ADL: Let Army employee sue government


WASHINGTON (JTA) — The Anti-Defamation League urged a federal appeals court to allow a Jewish U.S. Army employee to sue the government for discrimination.

In a friend-of-the-court brief filed Wednesday in the case of Tenenbaum v. Ashcroft, the ADL told the 6th U.S. Circuit Court of Appeals in Cincinnati that Tenenbaum "deserves his day in court."

A 2008 Department of Defense investigation concluded that David Tenenbaum, now 51, a civilian Army employee, had his security clearance privileges revoked inappropriately more than a decade ago because of his Jewish faith and the perception of a dual loyalty to the United States and Israel.

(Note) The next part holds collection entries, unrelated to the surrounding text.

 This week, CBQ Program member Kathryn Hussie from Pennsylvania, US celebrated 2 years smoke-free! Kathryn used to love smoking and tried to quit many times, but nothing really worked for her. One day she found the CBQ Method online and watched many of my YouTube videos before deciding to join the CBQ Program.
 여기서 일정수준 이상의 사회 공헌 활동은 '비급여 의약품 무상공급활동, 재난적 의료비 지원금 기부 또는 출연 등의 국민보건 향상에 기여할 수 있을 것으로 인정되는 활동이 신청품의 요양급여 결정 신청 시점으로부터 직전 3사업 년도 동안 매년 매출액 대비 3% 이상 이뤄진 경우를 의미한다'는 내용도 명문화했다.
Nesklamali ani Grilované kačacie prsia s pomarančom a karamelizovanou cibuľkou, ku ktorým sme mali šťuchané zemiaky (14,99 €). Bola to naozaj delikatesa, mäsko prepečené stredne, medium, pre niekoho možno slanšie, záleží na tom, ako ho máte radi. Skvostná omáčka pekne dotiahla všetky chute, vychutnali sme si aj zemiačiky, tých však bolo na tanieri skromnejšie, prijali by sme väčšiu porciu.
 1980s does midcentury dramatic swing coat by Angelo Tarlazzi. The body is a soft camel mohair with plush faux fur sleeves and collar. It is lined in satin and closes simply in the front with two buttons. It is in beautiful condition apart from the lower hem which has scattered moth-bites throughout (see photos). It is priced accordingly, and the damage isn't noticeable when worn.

Tenenbaum’s right to sue for discrimination was denied, however, because the Eastern District Federal Court of Michigan agreed with the government’s claim that “state secrets” prevented it from revealing key facts in the case.

During a 1997 polygraph test administered by the Army, Tenenbaum said anti-Jewish epithets were shouted at him. He said the next day his computer was gone and his name erased from the e-mail system at the Tank Automotive and Armaments Command, the military facility in Warren, Mich., where he worked. 

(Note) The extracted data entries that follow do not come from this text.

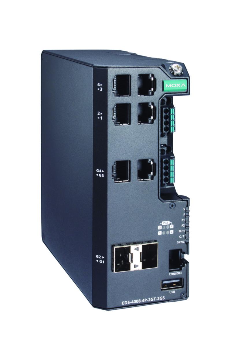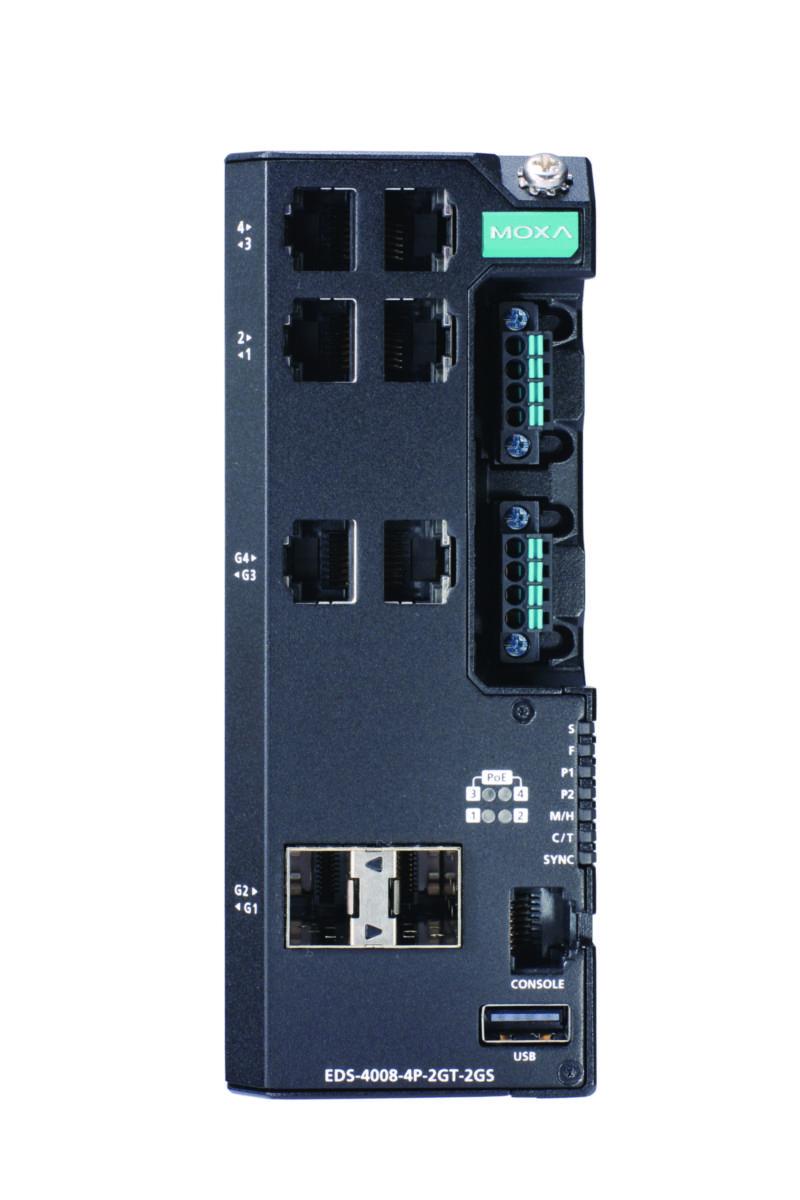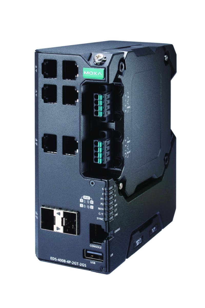 EDS-4008-serien är en serie 8-portars hanterade Fast Ethernet-switchar med möjlighet till fyra 1 Gbps upplänksportar eller två 100M ST/SC fiberoptiska portar. Den här serien erbjuder även modeller med fyra 10/100BaseT(X) 802.3af (PoE), 802.3at (PoE+) och 802.3bt-kompatibla Ethernet PoE-portalternativ för att ansluta högbandsbredd PoE-enheter.
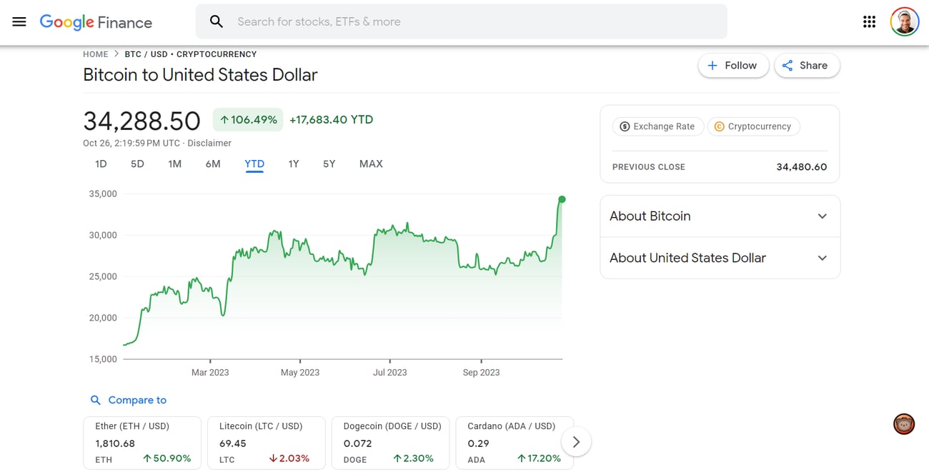 Go ahead and check your Google Finance… |  | The big picture is this simple: Year to date, BTC is up 106%. Where is Gold…? Where is the Oil or the Energy Sector…? Do I blame Moe for his views on Bitcoin? Heck No!
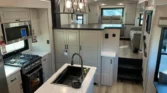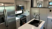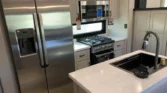 Kitchen amenities include a stainless sink with rinse accessories, GE refrigerator, range, and convection microwave with air fryer.
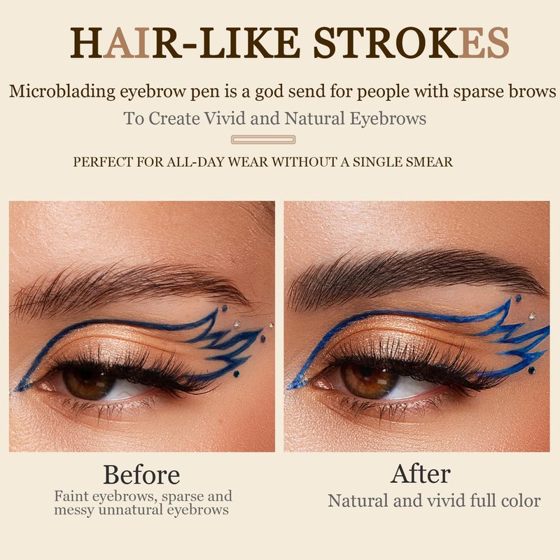 - 【 FOR ALL-DAY WEAR WITHOUT A SINGLE SMEAR】 The liquid microblading eyebrow pen with smooth long wearing, water-resistant NON-DRY formula delivers up to 24 hours long wear if not rubbing the brows too hard. It's waterproof, smudge-proof, sweatproof, transfer-proof. With this all-in-one brow tool kit, You won't worry about smudging from swimming, running or other sports in hot summer. The waterproof eyebrow pen gel can be easily wiped clean with makeup remover.

After a yearlong FBI investigation, the U.S. Justice Department in 2008 determined that there was no basis to prosecute Tenenbaum.

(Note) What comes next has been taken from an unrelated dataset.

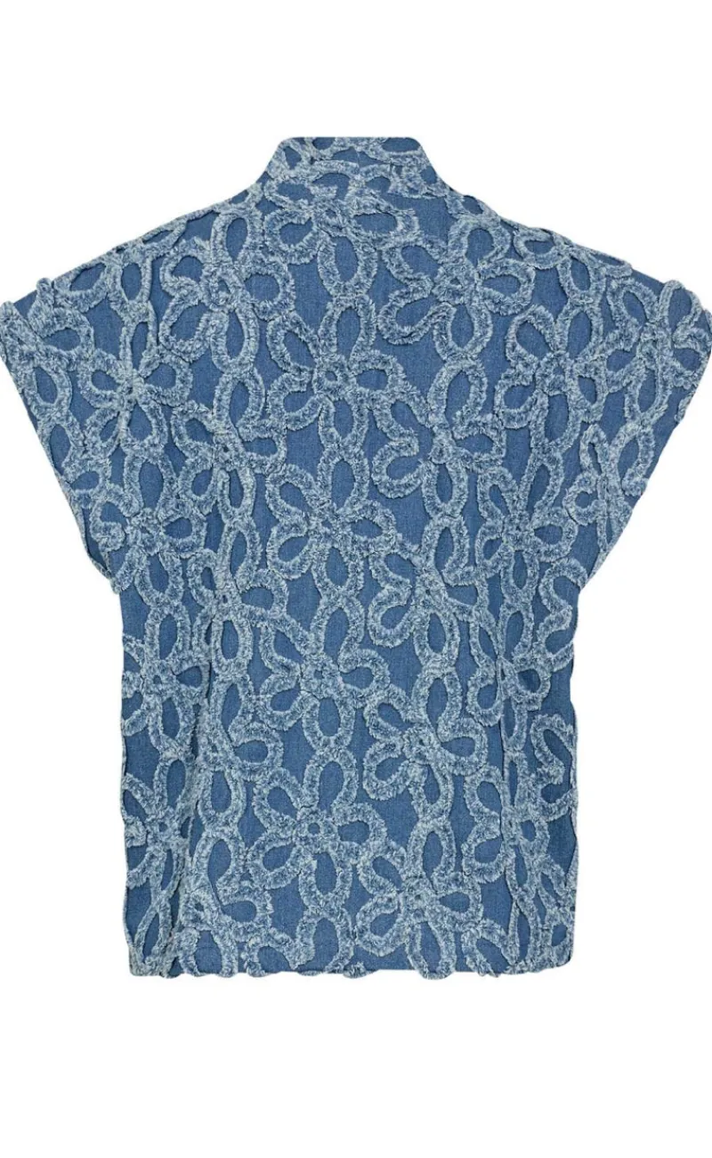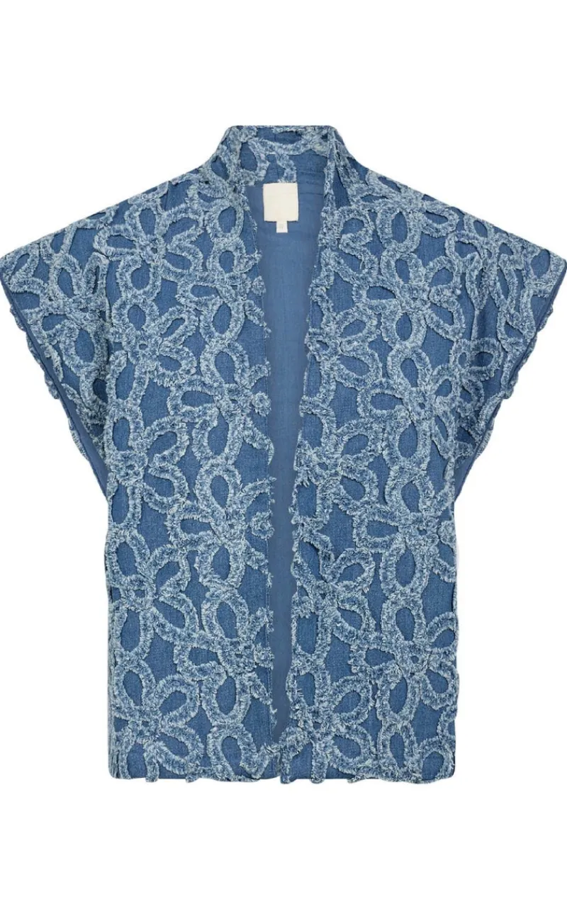 Fin denim vest fra Gossia i blå med et sødt mønster.

“David Tenenbaum deserves to have his day in court,” Deborah Lauter, ADL’s civil rights director, said Wednesday. “Like a number of other Jews who have had security clearances denied or revoked, Mr. Tenenbaum was subjected to special scrutiny simply because he was Jewish and because he had ties to Israel. The charge that Jews are more loyal to Israel than to America is an insidious anti-Semitic canard that has no place in our society."